_The problem_
Exact transcription, pictures omitted: begin at the top line of the records below and end with the line bearing "Desayuno. Día dedicado".

_Material shown_
◆ ◆ ◆ ◆ ◆ ◆ ◆

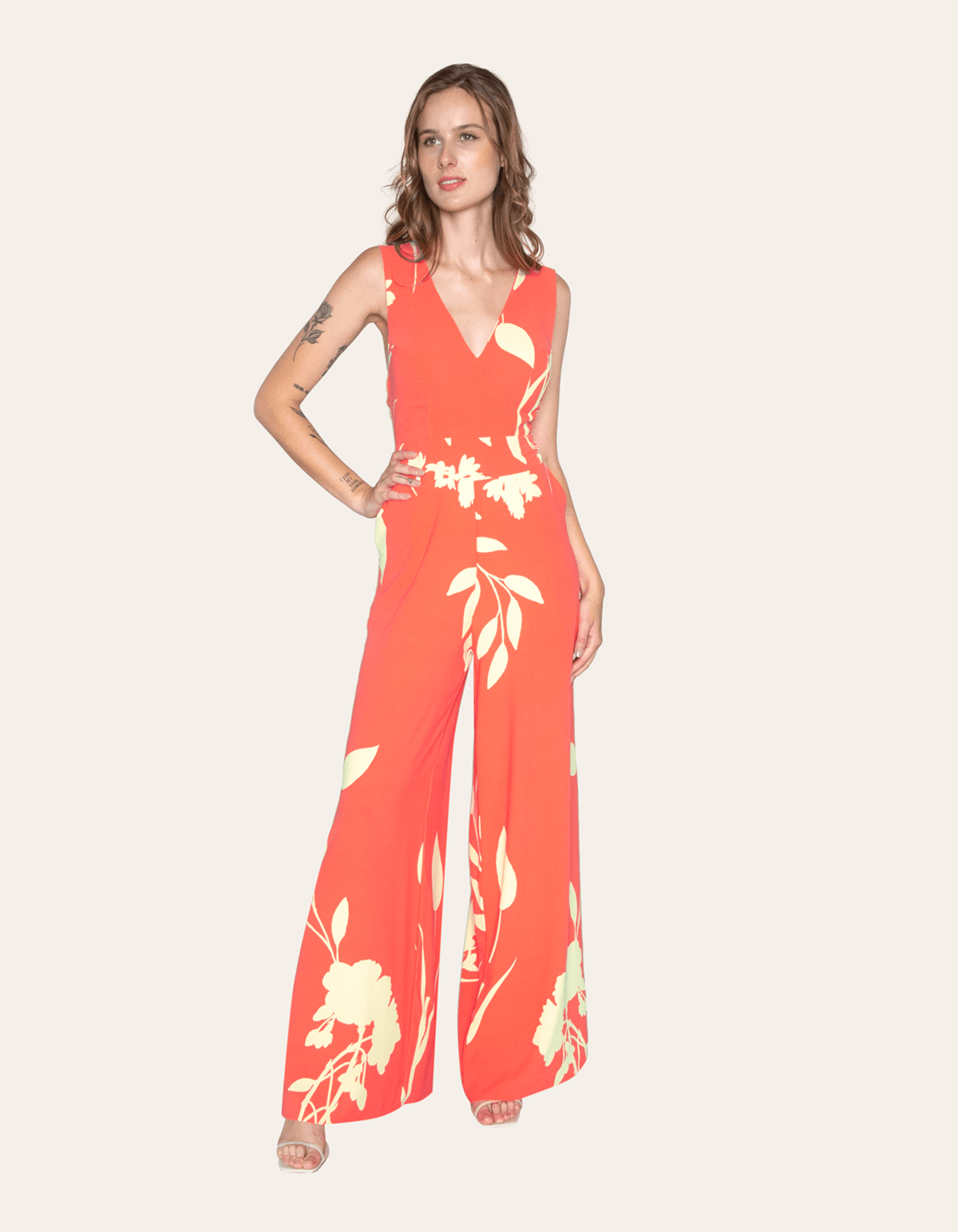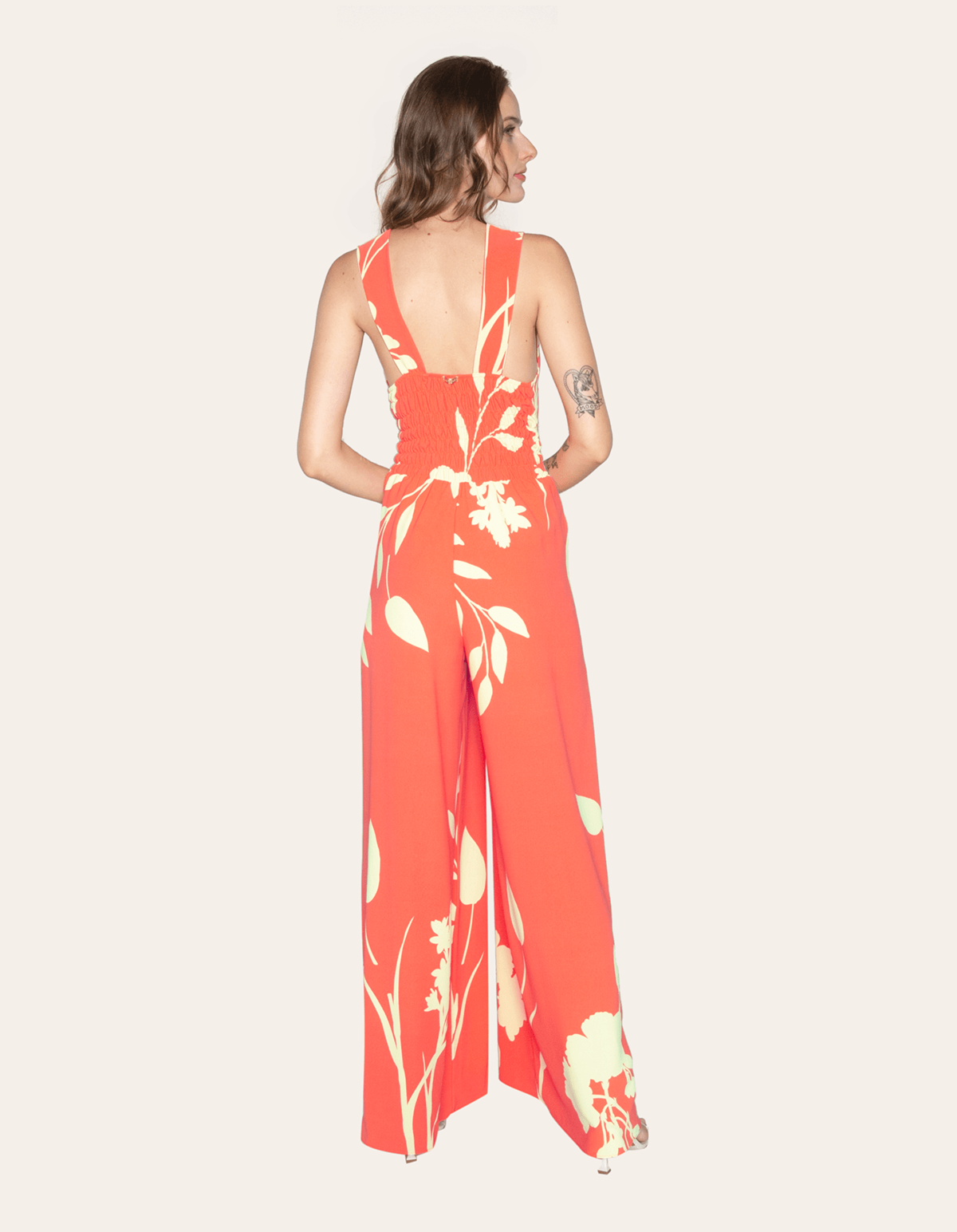 Macacão pantalona, decote v com bojo e lastex nas costas. leve, fluído e fresquinho. perfeito para diversas ocasiões.
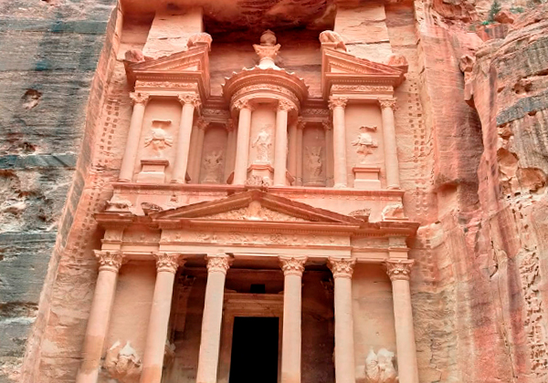 Desayuno. Día dedicado por completo a la visita de Petra, conocida como la “ciudad rosa”, donde hace más de 2.000 añoslos nabateos ubicaron la capital de su imperio a lo largo de 500 años, esculpiendo admirablestemplos y tumbas en las montañas rosadas y utilizando sistemas avanzados agrícolas y de conducción del agua. El recorrido comienza por la Tumba de los Obeliscos continuando por el Siq, cañón de más de 1 Km de longitud tras el cual se descubre el Tesoro, una tumba colosal decorada con columnas y esculturas de un refinamiento y una belleza incomparables. A continuación, hacia la calle de las fachadas y el teatro para acercarnos a los 850 escalones que nos llevarán hasta el imponente Monasterio “El Deir”. Regreso al hotel. Cena y alojamiento.
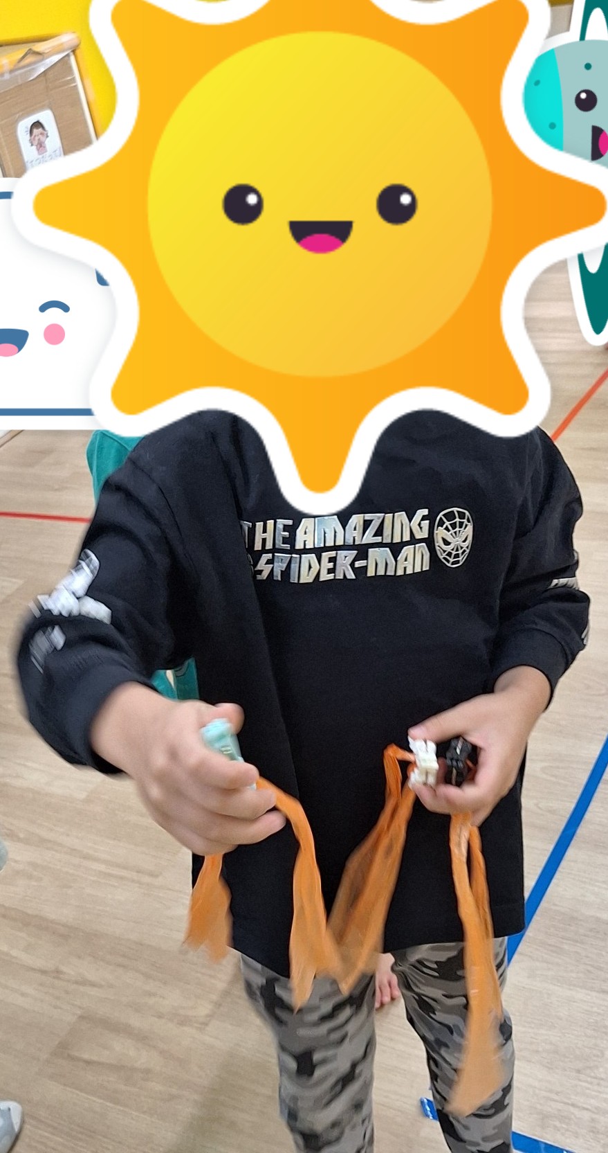 今週の活動は活動は、しっぽ取りをしています。洗濯ばさみにスズランテープを付けてしっぽにして、お尻に付けます。そのしっぽを取られないようにして逃げたり、お友だちを追いかけてしっぽを取ったりしました。ルールが難しいお友だちもいましたが、みんなで走ることは楽しかったようです。少しの色で2チームに分かれて相手の色のしっぽを取ることも楽しみました♪
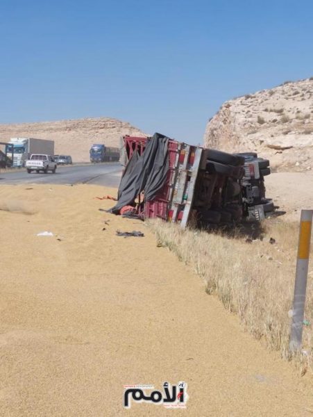 وقع حادث تدهور لشاحنة نقل كبيرة محملة بمادة الحبوب صباح اليوم الاثنين، على الطريق الصحراوي عند منطقة الحميمة، ما أدى الى اصابة السائق وسقوط الحمولة على حرم الشارع العام ما ادى لإغلاقه بشكل مؤقت.
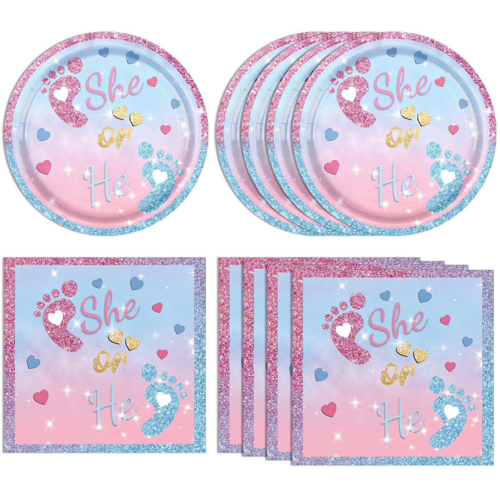 - What Will You Get:Baby gender reveal decorations includes 20 pieces gender reveal plates and 20 pieces gender reveal napkins.The perfect quantity ensures you have a perfect birthday celebration for your baby.
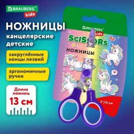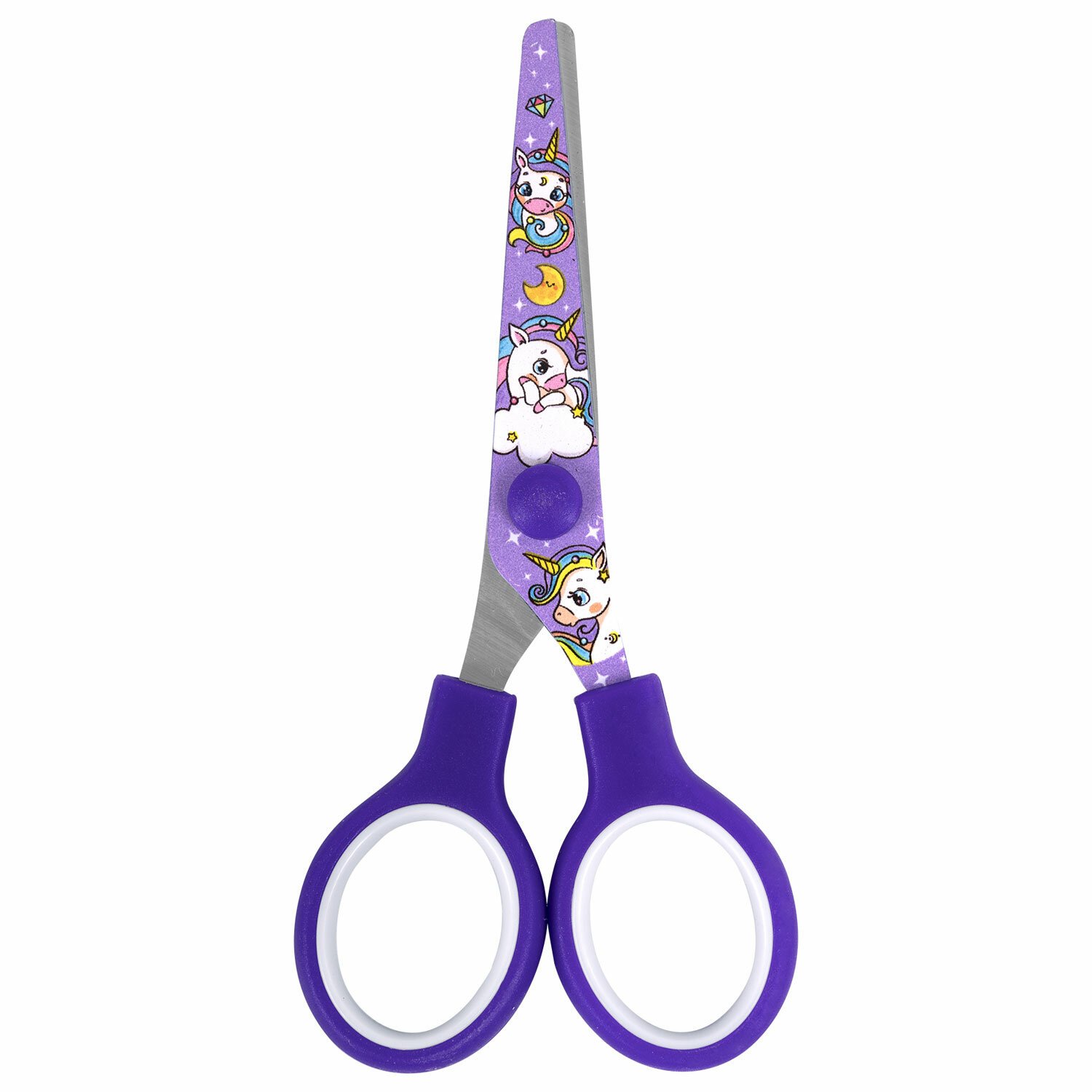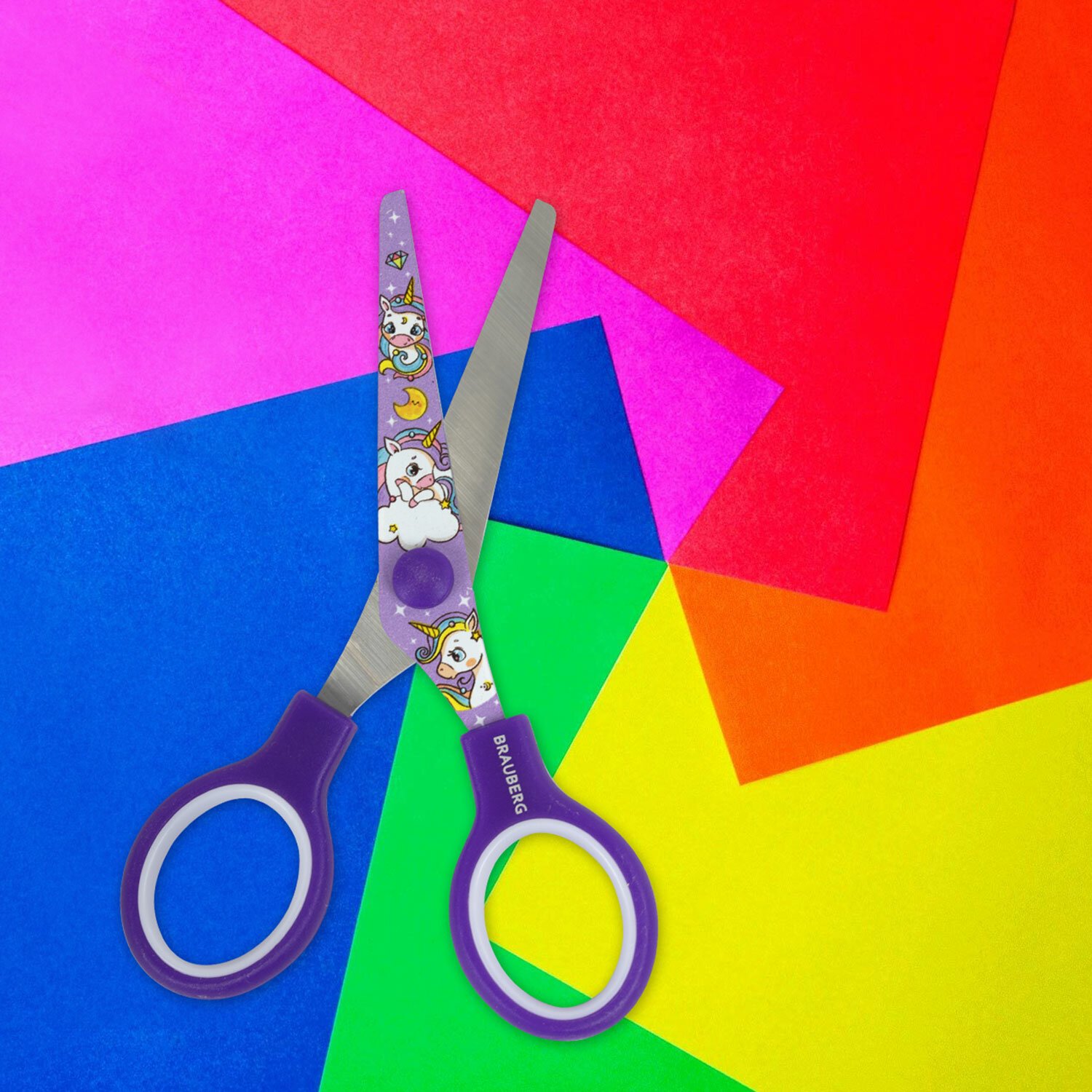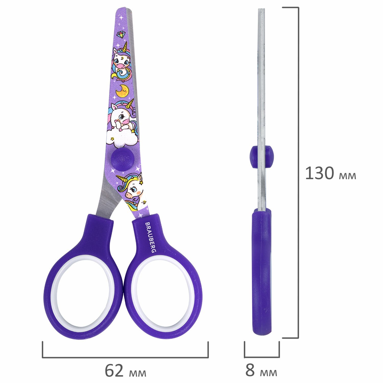 Ножницы 130 мм сиреневые, с цветной печатью "Единороги", закругленные, BRAUBERG KIDS, 238350
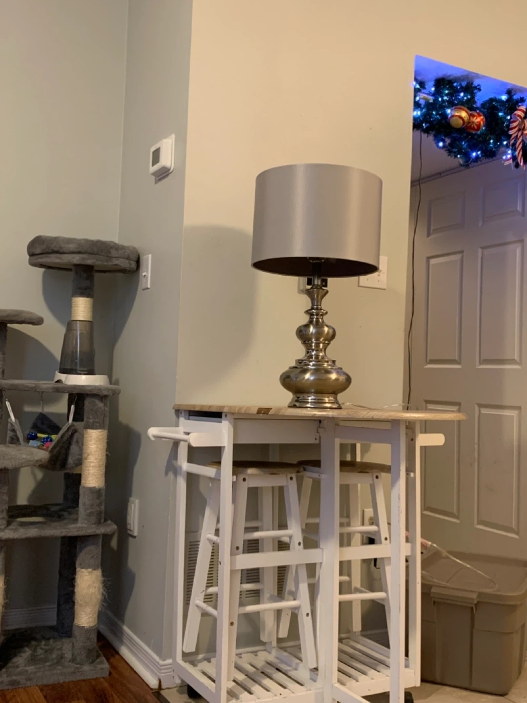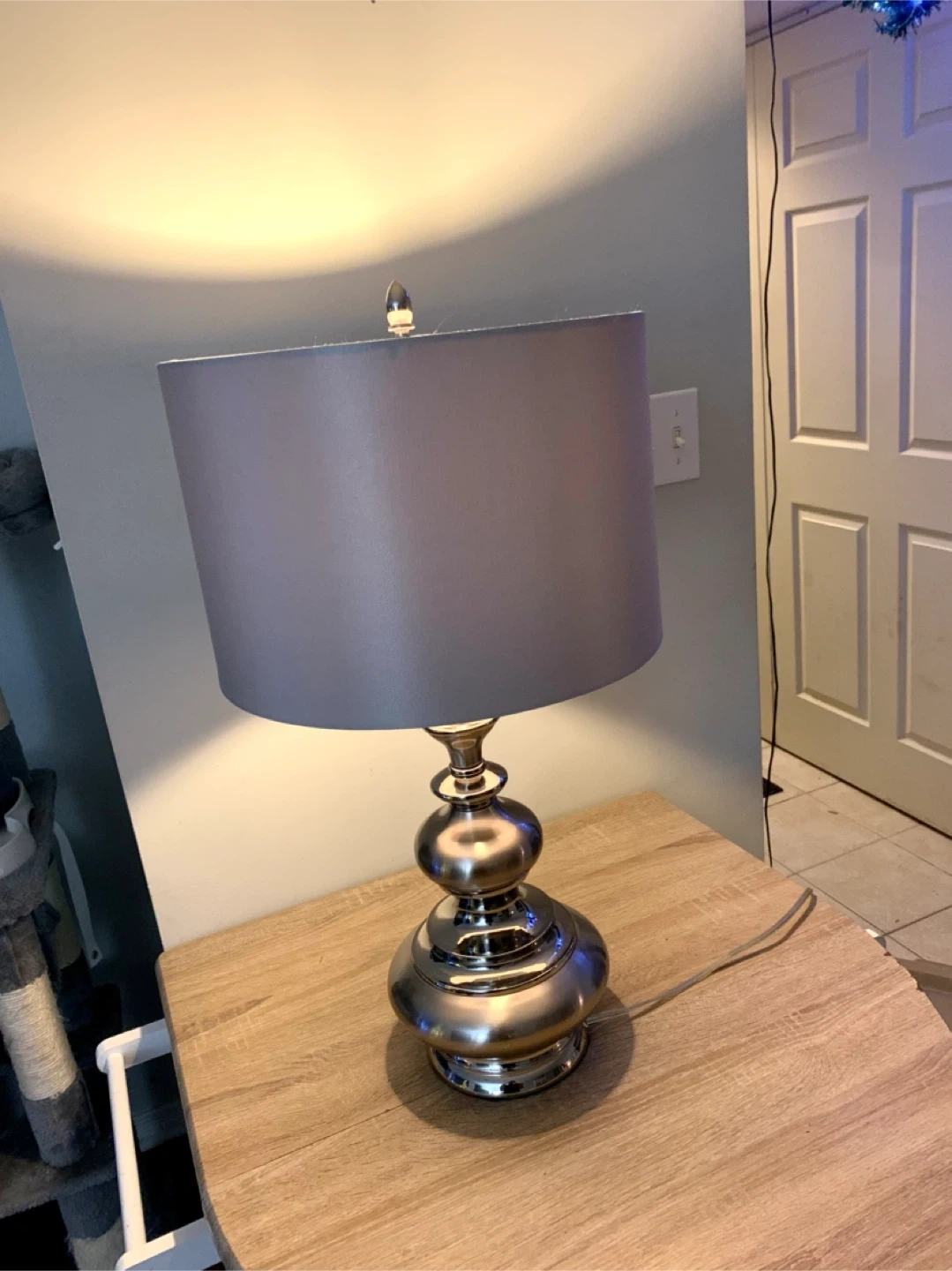 Selling a lovely silver table lamp! It's in great condition and would look great in any room of the house. It has a neutral lampshade and a decorative base.
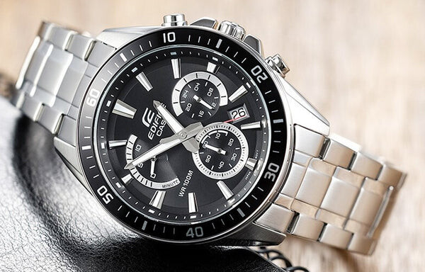 Часы CASIO EDIFICE Waterproof Sports Stainless Steel Strap Mens Black Analog, черный
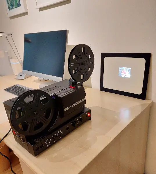 Der Filmprojektor mit leichten Gebrauchsspuren wurde nochmals getestet, funktioniert einwandfrei und ist in einem sehr guten Zustand!
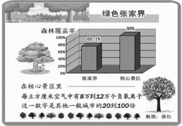 张家界的空气是“绝无仅有”的。该市林业局总工程师王远刚给了记者一组数字:张家界的森林覆盖率达到68.1%,核心景区的森林覆盖率高达98%!张家界的核心景区里,每立方厘米空气中有8万到12万个负氧离子,是一般城市的20到100倍!
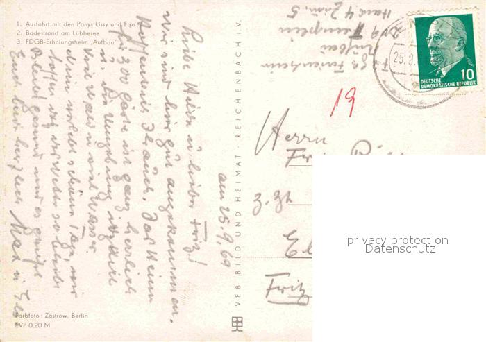 72798853 alte Postkarte Templin FDGB Erholungsheim Aufbau Ponykutsche Badestrand postalisch gelaufen Erhaltung siehe scans [FriedD77] KatCode: 11110012073572
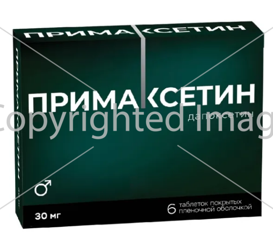 Протипоказання до застосуванняГіперчутливість до дапоксетину гідрохлориду або будь-якого іншого компонента препарату; виражені захворювання серця, зокрема. серцева недостатність II–IV класу за NYHA, порушення серцевої провідності (блокада атріовентрикулярної провідності ступеня 2–3 або синдром слабкості синуса) за відсутності постійного кардіостимулятора, виражена ішемічна хвороба серця або ураження клапанного апарату; одночасний прийом інгібіторів МАО та прийом протягом 14 днів після припинення їх застосування (аналогічно інгібітори МАО не можна приймати протягом 7 днів після припинення прийому препарату Прімаксетин®); одночасний прийом тіоридазину та протягом 14 днів після припинення його застосування (аналогічно тіорідазин не можна приймати протягом 7 днів після припинення прийому препарату Прімаксетин®); одночасний прийом СІОЗС, СІОЗСН та трициклічних антидепресантів та інших препаратів, що мають серотонінергічну дію (в т.ч. L-триптофан, триптани, трамадол, лінезолід, літій, препарати звіробою (Hypericum perforatum), та протягом 14 днів (аналогічно ці препарати не можна приймати протягом 7 днів після припинення прийому препарату Прімаксетин®); одночасний прийом з активними інгібіторами CYP3A4 (в т.ч. кетоконазол, ітраконазол, ритонавір, саквінавір, телітроміцин, нефазодон, нелфінавір, атазанавір); помірно виражені та тяжкі порушення функції печінки; тяжкі порушення функції нирок; дефіцит лактази, непереносимість лактози, глюкозо-галактозна мальабсорбція; наявність в анамнезі встановленої або передбачуваної ортостатичної гіпотензії; наявність в анамнезі манії/гіпоманії або біполярного розладу; вік до 18 років.

◆ ◆ ◆ ◆ ◆ ◆ ◆

_Task result_
 Macacão pantalona, decote v com bojo e lastex nas costas. leve, fluído e fresquinho. perfeito para diversas ocasiões.
 Desayuno. Día dedicado por completo a la visita de Petra, conocida como la “ciudad rosa”, donde hace más de 2.000 añoslos nabateos ubicaron la capital de su imperio a lo largo de 500 años, esculpiendo admirablestemplos y tumbas en las montañas rosadas y utilizando sistemas avanzados agrícolas y de conducción del agua. El recorrido comienza por la Tumba de los Obeliscos continuando por el Siq, cañón de más de 1 Km de longitud tras el cual se descubre el Tesoro, una tumba colosal decorada con columnas y esculturas de un refinamiento y una belleza incomparables. A continuación, hacia la calle de las fachadas y el teatro para acercarnos a los 850 escalones que nos llevarán hasta el imponente Monasterio “El Deir”. Regreso al hotel. Cena y alojamiento.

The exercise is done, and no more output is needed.